A century ago, Swaziland was replete with wild animals, such as impalas, elephants, rhinoceroses, hippopotamuses, and lions. Over the years, poaching, hunting, farming, disease, and overpopulation annihilated these and other creatures in this South African country. However, during the past thirty years, one man has led the effort to successfully return wildlife to Swaziland. Author-photographer Cristina Kessler documents the inspiring work of conservationist Ted Reilly.
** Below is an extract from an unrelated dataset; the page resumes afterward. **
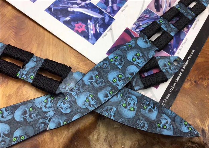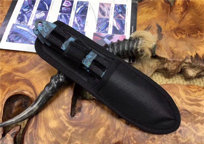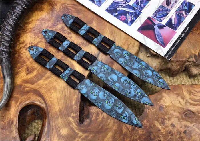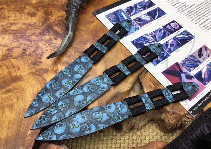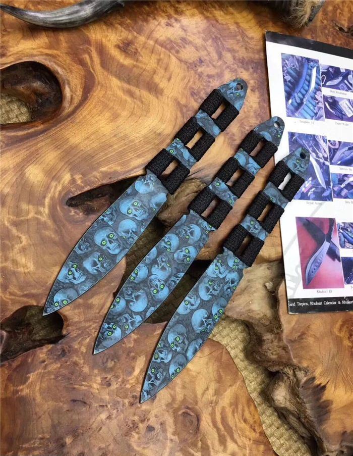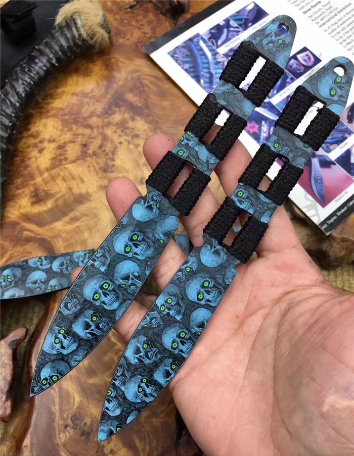 骷髅幽灵飞镖三支装 全 长:20.5 CM 刃 长:10CM 刃 厚:0.25CM 柄 材:一体缠绳子 刃 材:3Cr13 表 面:披履 毛 重:200克(含尼龙鞘) 刀 鞘:尼龙

Author-photographer Kessler documents the e orts of conservationist Ted Reilly, who (with the help of King Sobhuza II and, later, his son King Mswati III) has helped return endangered wildlife to Swaziland. Beginning in the early 1960s on his own farm, Reilly restored the land to its original state by planting trees and creating wetland areas. Later, he added animals including plentiful species, such as wildebeests, impalas, and monitor lizards, as well as rhinos, elephants, and lions, which had disappeared from Swaziland in recent years. Although his efforts have been mostly successful, Reilly has had his problems (including drought, lack of funding, and poachers), and some of his actions have been controversial (cutting the horns of rhinos to keep poachers from killing them). Clear, close-up color photographs appear on every page, making the book a delight for browsers as well as useful for report writers.